When I thought about my summer in LA I obviously pictured myself in the more glamorous part of the United States; I pictured my life to be nothing less than MTV’s old show The Hills and more than likely I would have 60 rich best friends in a matter of days.
And then I remembered how not glamorous I am and how I would probably do a manly laugh or some weird movement with my hands and scare all my friends away.
And I also got to LA and realized that we live in the not so glamorous part but it is exactly where I was supposed to end up for this summer and it is exactly the way I need to live.
On a small scale of things, in this neighborhood I have experienced and almost mastered the art of parallel parking…. okay who am I kidding I cant even park in a regular parking lot.. but I have experienced cute fruit stands, sweet Mexican ladies, walking a few blocks to do laundry, authentic mexican food and a yoga class taught completely in Spanish.
inhalar y exhalar 
that’s all I picked up.
On a bigger scale of things my first week at Groundlings has gone well! It is so exciting to be apart of the Groundlings theatre and learn from people heavily involved with improv. I audition to start their professional track of classes next week so hopefully all goes well and I can start taking classes.
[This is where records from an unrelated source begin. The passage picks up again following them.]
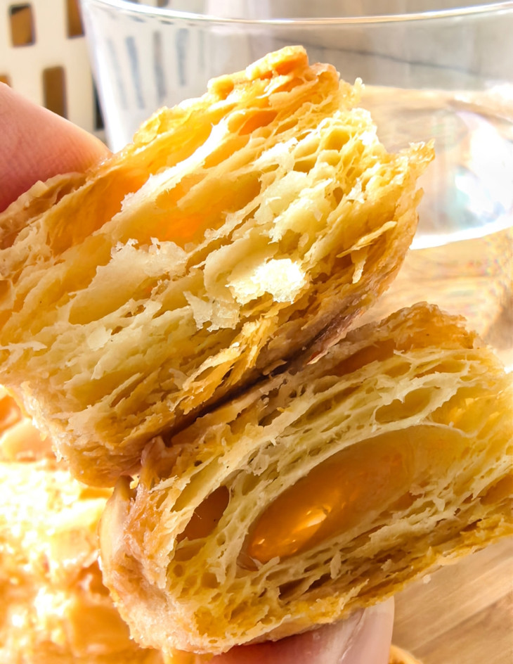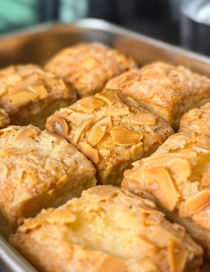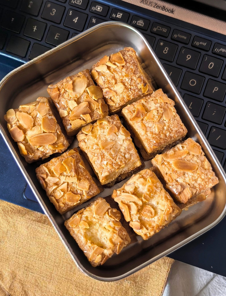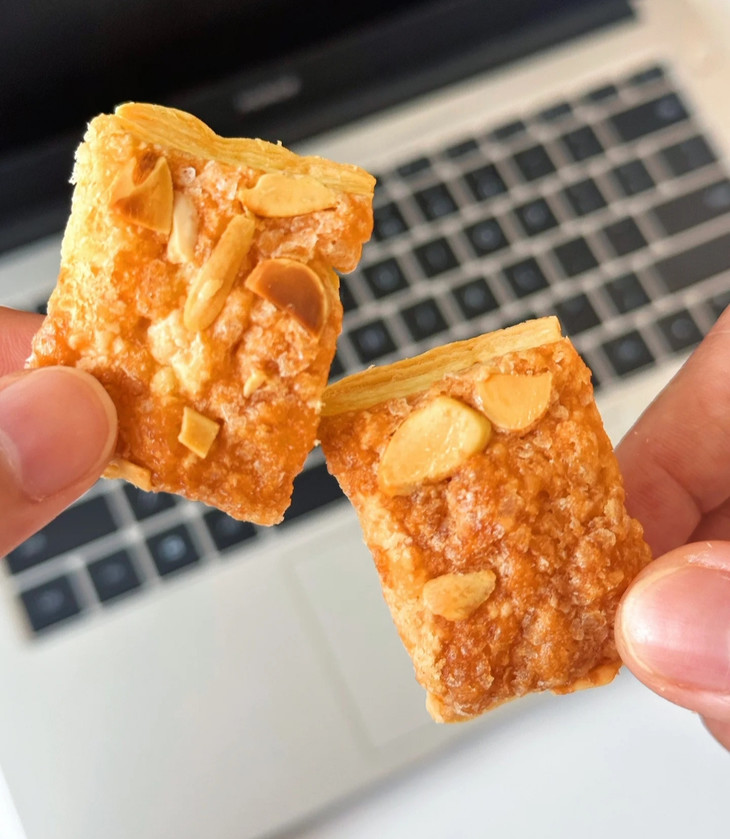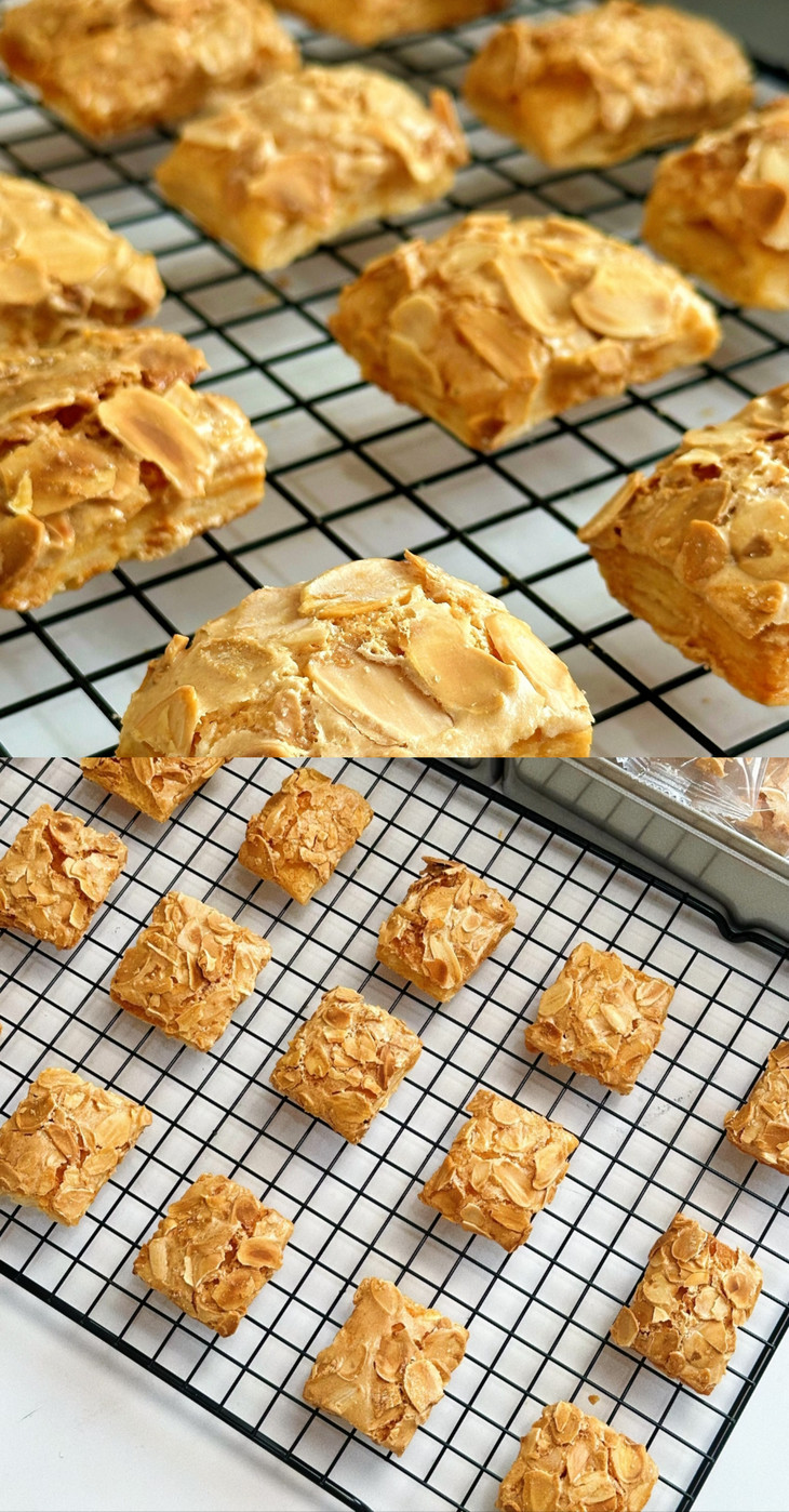 外层脆到碰一下就掉渣 中间几层又带点软乎乎的香 扁桃仁碎表面撒得超均匀 每口都能咬到扁桃仁片❗️ 手指上沾的酥渣都要舔干净 这口感真的太能打了 偷偷说我 放去微波炉热一下的版本是王炸😌 外皮烫乎乎的酥 酥皮在嘴里慢慢化开 坚果的脆和酥皮的软绵缠在一起🤣🤣🤣 扁桃仁被烤得油亮亮的,香到鼻子都要失灵 甜度刚好卡在“再吃一块也不腻”的程度~ 现在已列入我的早餐清单 每天不吃就嘴馋hhhh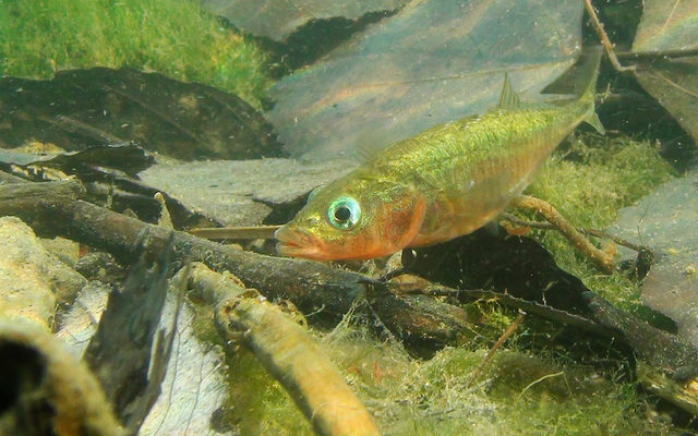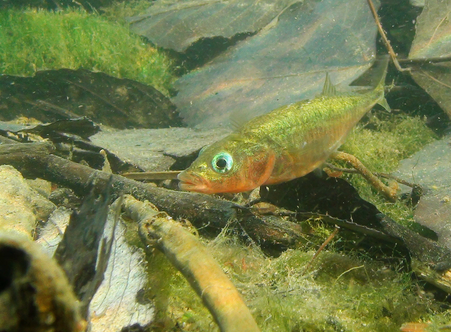 Im Bach selbst lebt der Dreistachlige Stichling, der sich bei niedrigen Abflüssen und Trockenfallen des übrigen Bachverlaufs in Gumpen und Ausspülungen, z. B. unter Baumwurzeln und Totholz, zurückzieht. Auch der Bachflohkrebs (Gammarus spec.) kann sich in dem ständig sich verändernden Bachbett halten.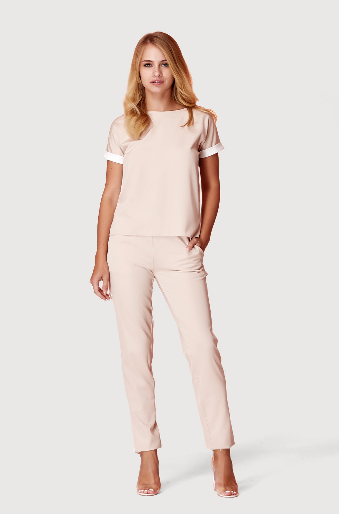 Zostały wykonane z nieprześwitującego materiału (bawełny z dodatkiem elastanu). Pomimo dopasowanego fasonu, posiadają kieszenie. Nasze legginsy to proste i wygodne ubranie, idealne na co dzień do pracy zdalnej i na długie spacery. Świetnie komponuje się zarówno z t-shirtem w tym samym kolorze, co tworzy spójną stylizację, jak i tuniką i długim swetrem.

On Friday I work box office at the theatre and this Friday the tech guy happened to be sitting down and chatting with me as a woman came up to purchase tickets. I properly helped the woman and she went on her way– as she turned around I noticed the price tag on her clothing was still intact, me being the person that I am jumped up to go help this woman out-
Tech guy: What’s wrong?
Me: That woman still has the tag on her shirt, I am going to go tell her.
Tech guy: No no sit down that’s not your job just let her go..
Me (sits down)
Tech guy: It does say something about your character though
Me: spins around in my very large office chair feeling pretty good about the nice person I am
Tech guy: It says you’re a TARGET!!
So there you have it folks I am a target to all scam artist cause of my generous attitude.
On an even bigger scale of things I have had the pleasure of exploring California this passed week. We visited Santa Monica Pier, Runyon Canyon, a really neat flea market and Venice Beach this week.
To be completely honest being here has been a great experience but it also has been a struggle. I don’t know if its all the down time I have because my lack of friends, I have two Marissa and Pam, Pam even ditched us all weekend… Party Animal, but maybe I am just dramatic or small town. The city can be extremely overwhelming and being alone a lot can be well… lonely. I think this is the best thing that could of happen to me, I think I will be a better person because of it. I will welcome newcomers to the state of Oklahoma with open arms because I now understand how hard it can be, I will also be sure to hug all my hometown friends a little tighter cause who knows if ill make friends like them out here.
If all else fails it is a less than 30-minute drive to the beach or a comedy show– two things that make me the happiest.